Sometimes, you really don't care about the collection itself. For instance, creating a simple model fit line to compare an "approximation" with the raw data:
fib_raw = [1, 1, 2, 3, 5, 8, 13, 21] # Fibonacci numbers
phi = (1 + sqrt(5)) / 2
phi2 = (1 - sqrt(5)) / 2
def fib_approx(n): return (phi**n - phi2**n) / sqrt(5)
x = range(len(data))
y = [fib_approx(n) for n in x]
# Now plot to compare fib_raw and y
# Compare error, etc
In this case, the values of the Fibonacci sequence itself were irrelevant. All we needed here was the size of the input sequence we were comparing with.
If you have to iterate over the first len(a) items of an object b (that is larger than a), you should probably use range(len(a)):
for i in range(len(a)):
do_something_with(b[i])
I have an use case I don't believe any of your examples cover.
boxes = [b1, b2, b3]
items = [i1, i2, i3, i4, i5]
for j in range(len(boxes)):
boxes[j].putitemin(items[j])
I'm relatively new to python though so happy to learn a more elegant approach.
Very simple example:
def loadById(self, id):
if id in range(len(self.itemList)):
self.load(self.itemList[id])
I can't think of a solution that does not use the range-len composition quickly.
But probably instead this should be done with try .. except to stay pythonic i guess..

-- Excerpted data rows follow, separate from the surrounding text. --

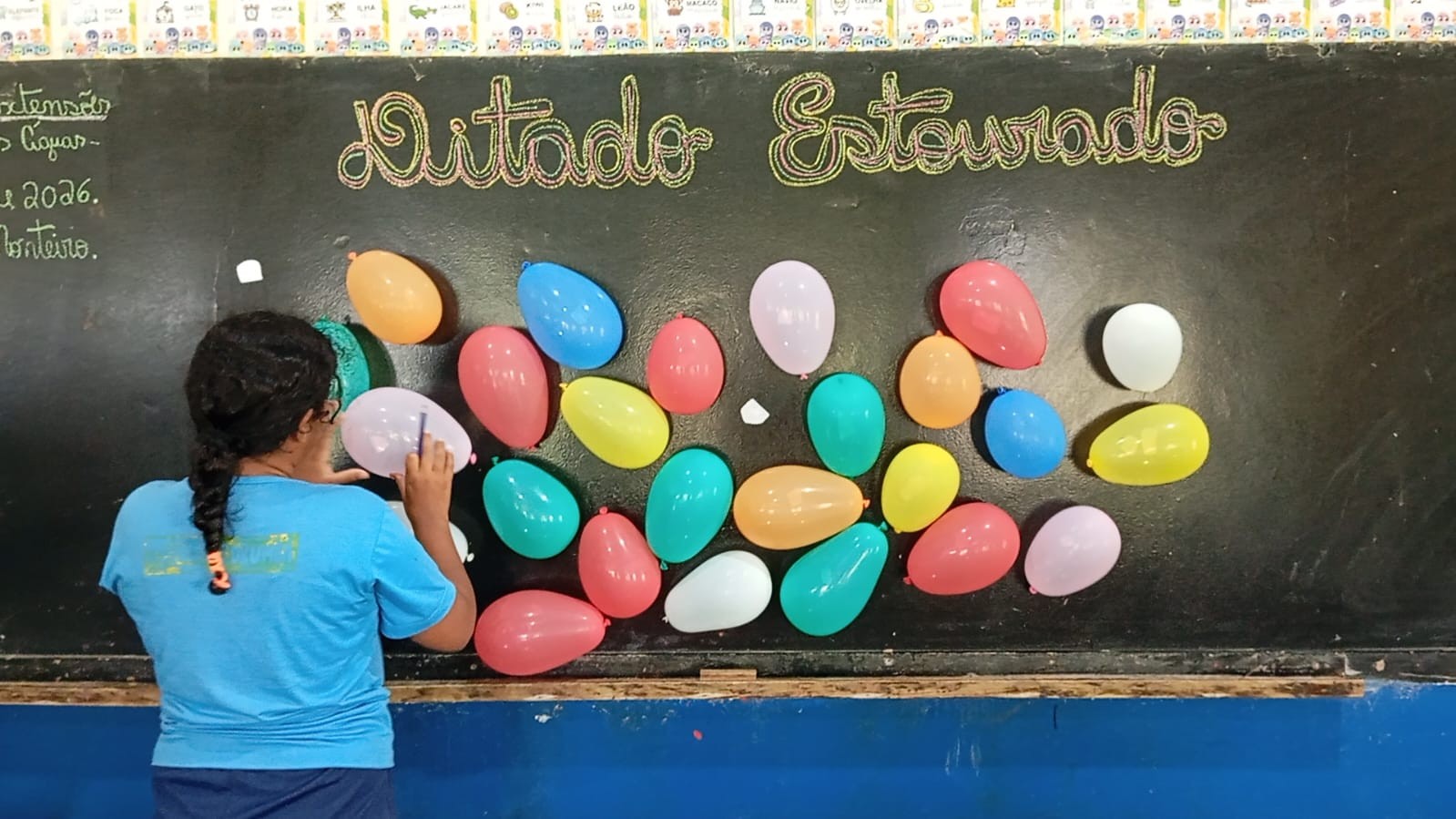 A professora Jacqueline Monteiro realizou com a turma do 4º ano a dinâmica Ditado Estourado, proporcionando um momento de aprendizagem lúdica e interativa.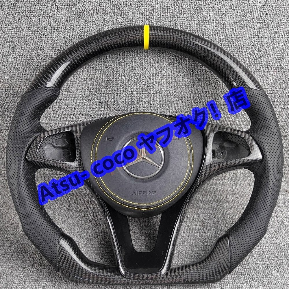 - ベンツ W218 W212 W204 W207 リアルカーボン・パンチングレザー製 ステアリング1個 スイッチカバー付く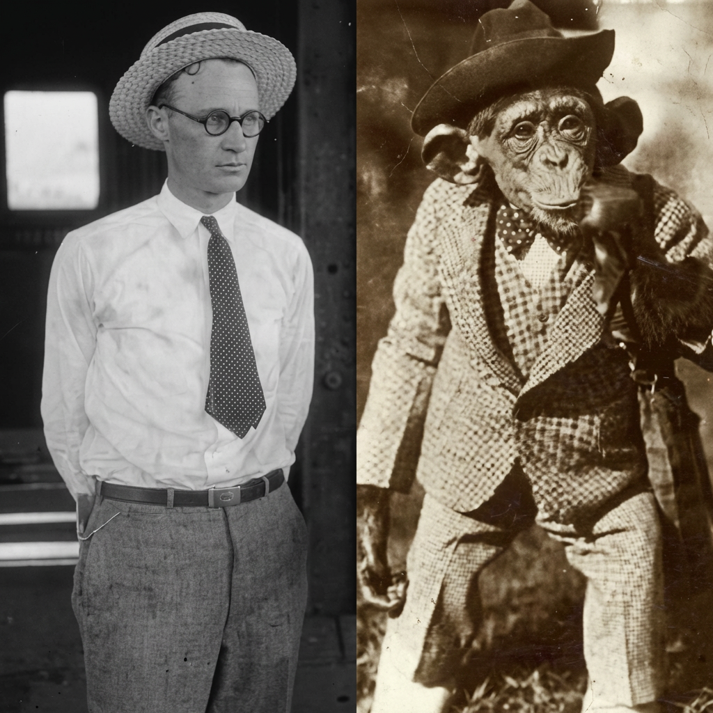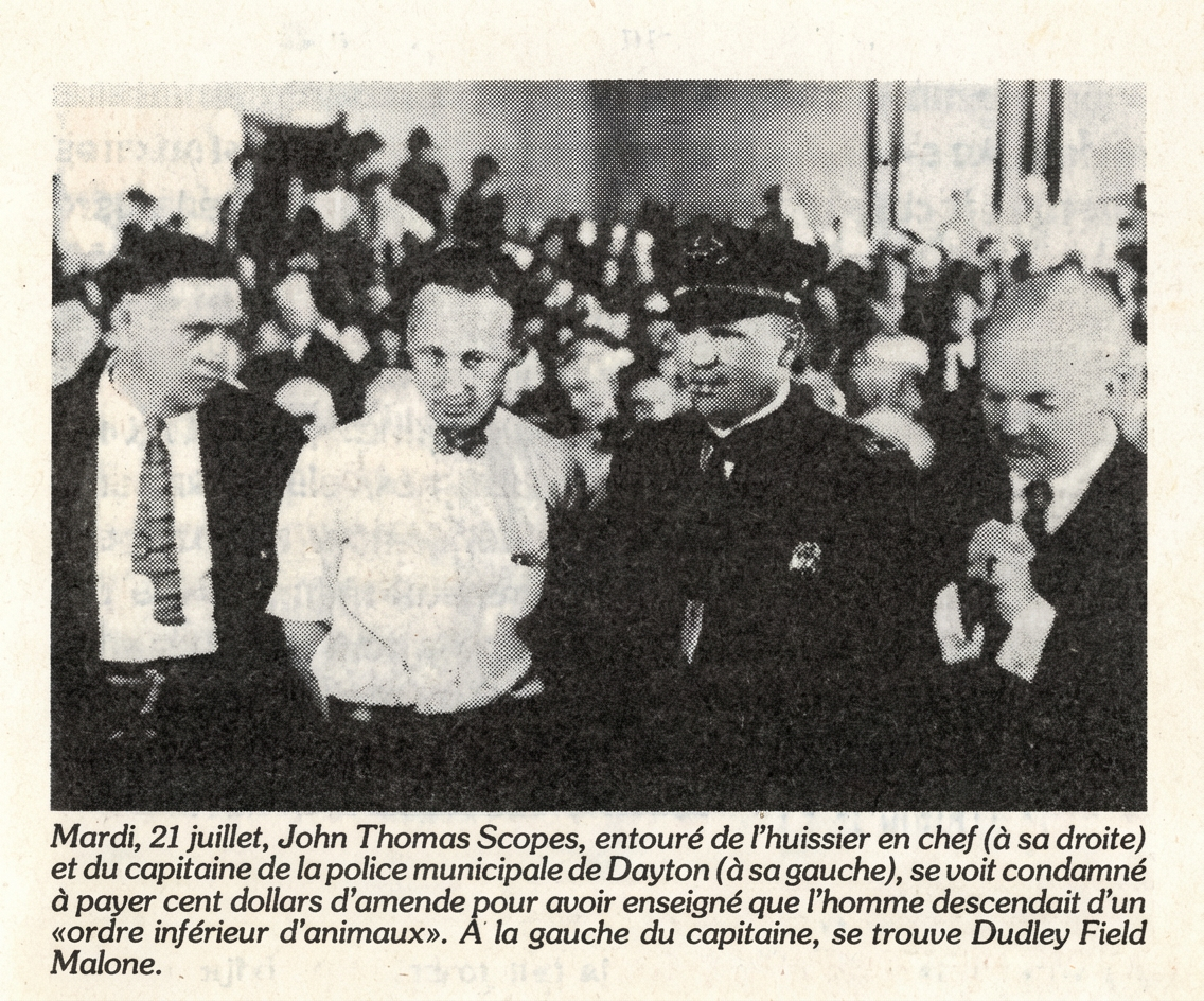 En 1925 à Dayton, dans l’État du Tennessee, eut lieu le fameux « procès du singe ». Ce n’était pas le jugement d’un quadrumane, bien qu’il y en eût deux en costume dans la ville.

One problem with for i, num in enumerate(a) is that num does not change when you change a[i]. For example, this loop:
for i, num in enumerate(a):
while num > 0:
a[i] -= 1
will never end.
Of course, you could still use enumerate while swapping each use of num for a[i], but that kind of defeats the whole purpose of enumerate, so using for i in range(len(a)) just becomes more logical and readable.

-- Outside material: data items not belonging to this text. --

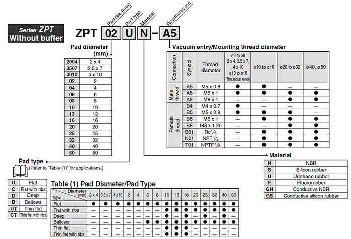 217909/ZPT04UN-A5/纵向真空进入真空吸盘ZPT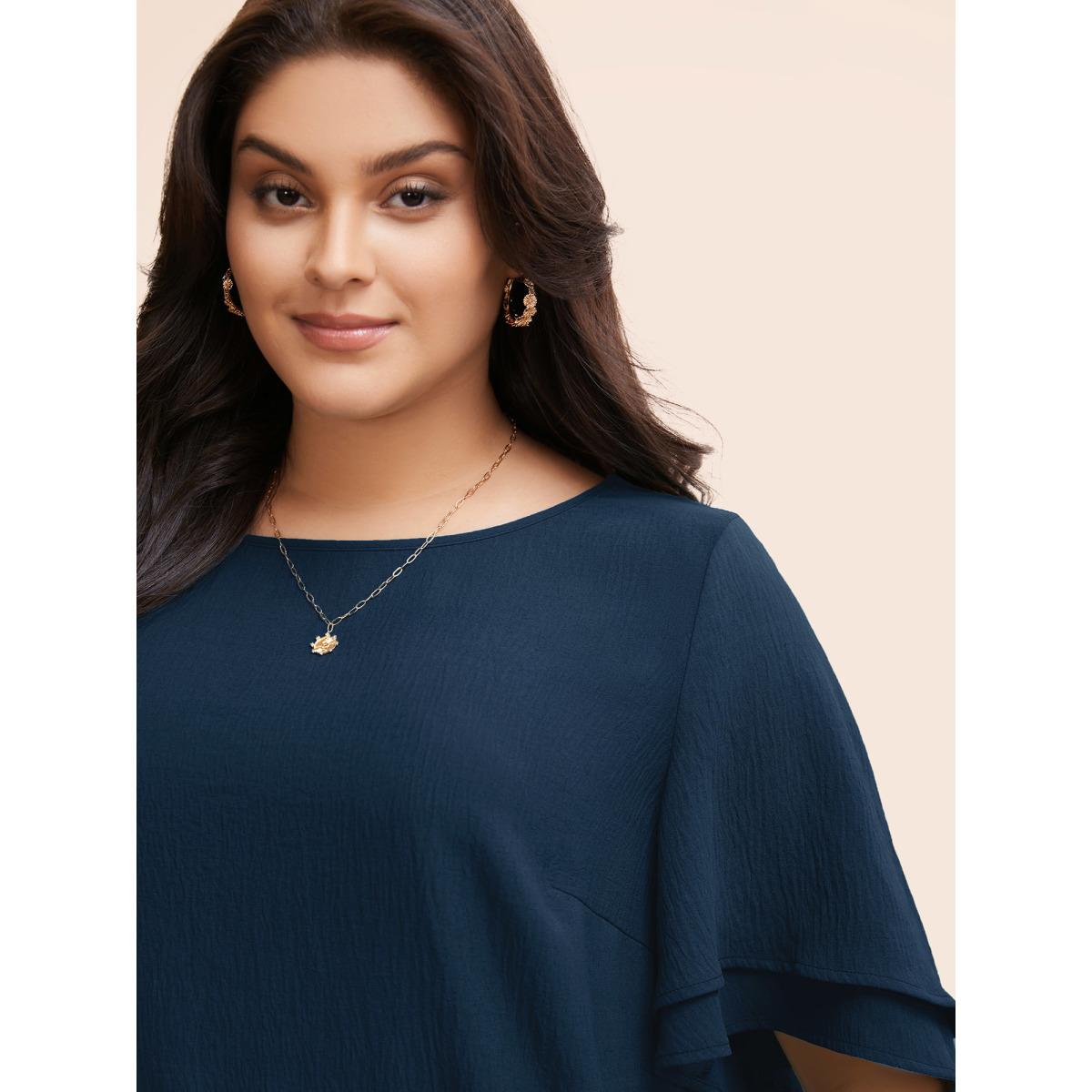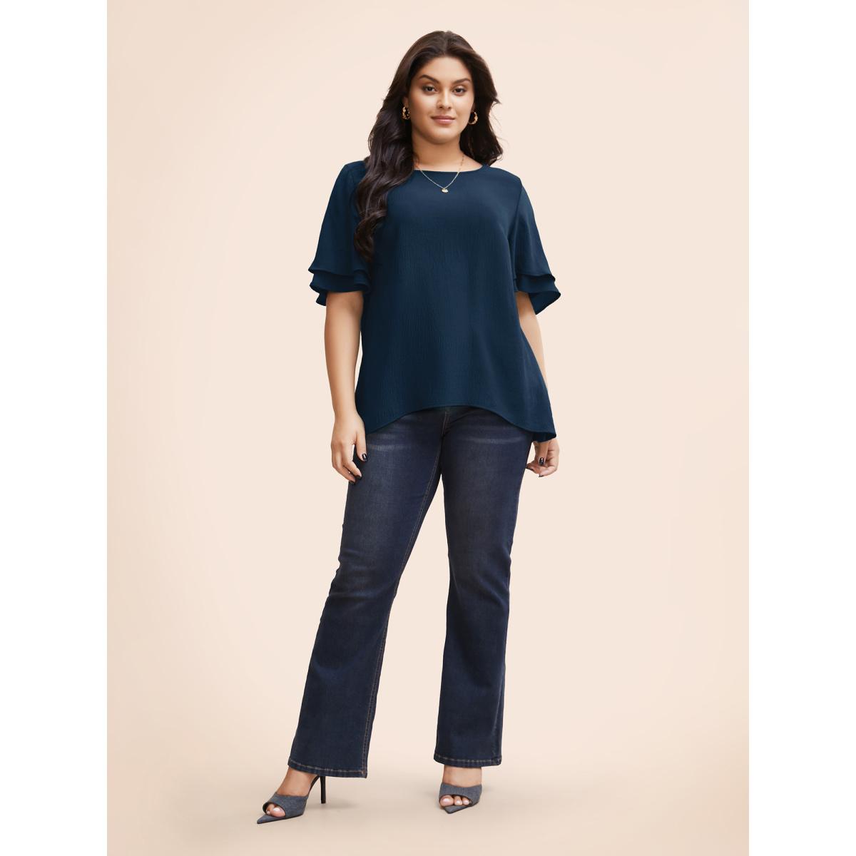 Plus Size Indigo Solid Tiered Ruffles Split Hem Blouse Women Timeless Half Sleeve Boat Neck Elegant Blouses BloomChic 12/L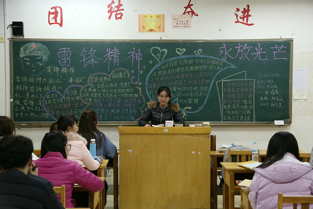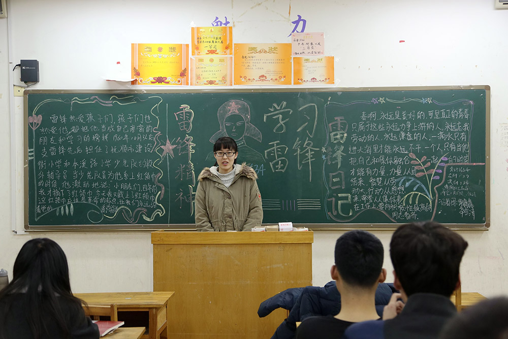 各班主题班会形式多样,有的讲述雷锋事迹、讲述身边的活雷锋故事,有的朗诵雷锋名言、谈雷锋精神,还有的吟唱有关学雷锋的歌曲、列举学雷锋的戏剧电影等。期间,同学们还踊跃发言,围绕如何理解和对待“雷锋精神”及当代大学生怎样更好的践行“雷锋精神”话题展开了热烈讨论。系学生党支部书记、学工办主任栾金志表示,同学们要以实际行动,大力弘扬雷锋精神和青年志愿者精神,自觉践行社会主义核心价值观,做品德高尚的大学生。

Having a range of indices is useful for some more sophisticated problems in combinatorics. For example, to get all possible partitions of a list into three non-empty sections, the most straightforward approach is to find all possible combinations of distinct endpoints between the first and second section and between the second and third section. This is equivalent to ordered pairs of integers chosen from the valid indices into the list (except zero, since that would make the first partition empty). Thus:
>>> from itertools import combinations
>>> def three_parts(sequence):
... for i, j in combinations(range(1, len(sequence)), 2):
... yield (sequence[:i], sequence[i:j], sequence[j:])
...
>>> list(three_parts('example'))
[('e', 'x', 'ample'), ('e', 'xa', 'mple'), ('e', 'xam', 'ple'), ('e', 'xamp', 'le'), ('e', 'xampl', 'e'), ('ex', 'a', 'mple'), ('ex', 'am', 'ple'), ('ex', 'amp', 'le'), ('ex', 'ampl', 'e'), ('exa', 'm', 'ple'), ('exa', 'mp', 'le'), ('exa', 'mpl', 'e'), ('exam', 'p', 'le'), ('exam', 'pl', 'e'), ('examp', 'l', 'e')]
My code is:
s=["9"]*int(input())
for I in range(len(s)):
while not set(s[I])<=set('01'):s[i]=input(i)
print(bin(sum([int(x,2)for x in s]))[2:])

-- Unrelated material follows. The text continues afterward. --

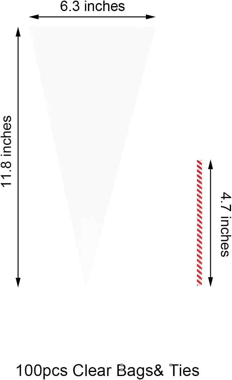 - 【Crystal Clear & Food-Grade Transparency】: Made from premium, extra-thick, food-grade OPP material, our cone bags offer a crystal-clear appearance that beautifully showcases candies, popcorn, handmade gifts, and more. The crisp material enhances the look of your packaging, making it ideal for parties, weddings, and holiday gift wrapping, ensuring your treats stand out.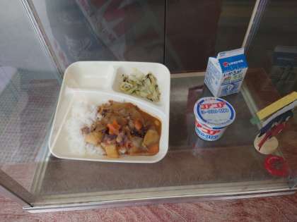 今日のカレーライスには栄養たっぷり大豆が入っています。

It is a binary adder but I don't think the range len or the inside can be replaced to make it smaller/better.
I think it's useful for tqdm if you have a large loop and you want to track progress. This will output a progress bar:
from tqdm import tqdm
empty_list = np.full(len(items), np.nan)
for i in tqdm(range(len(items))):
empty_list[i] = do_something(items[i])
This will not show progress, at least in the case I was using it for:
empty_list = np.full(len(items), np.nan)
for i, _ in tqdm(enumerate(items)):
empty_list[i] = do_something(items[i])
Just showed number of iterations. Not as helpful.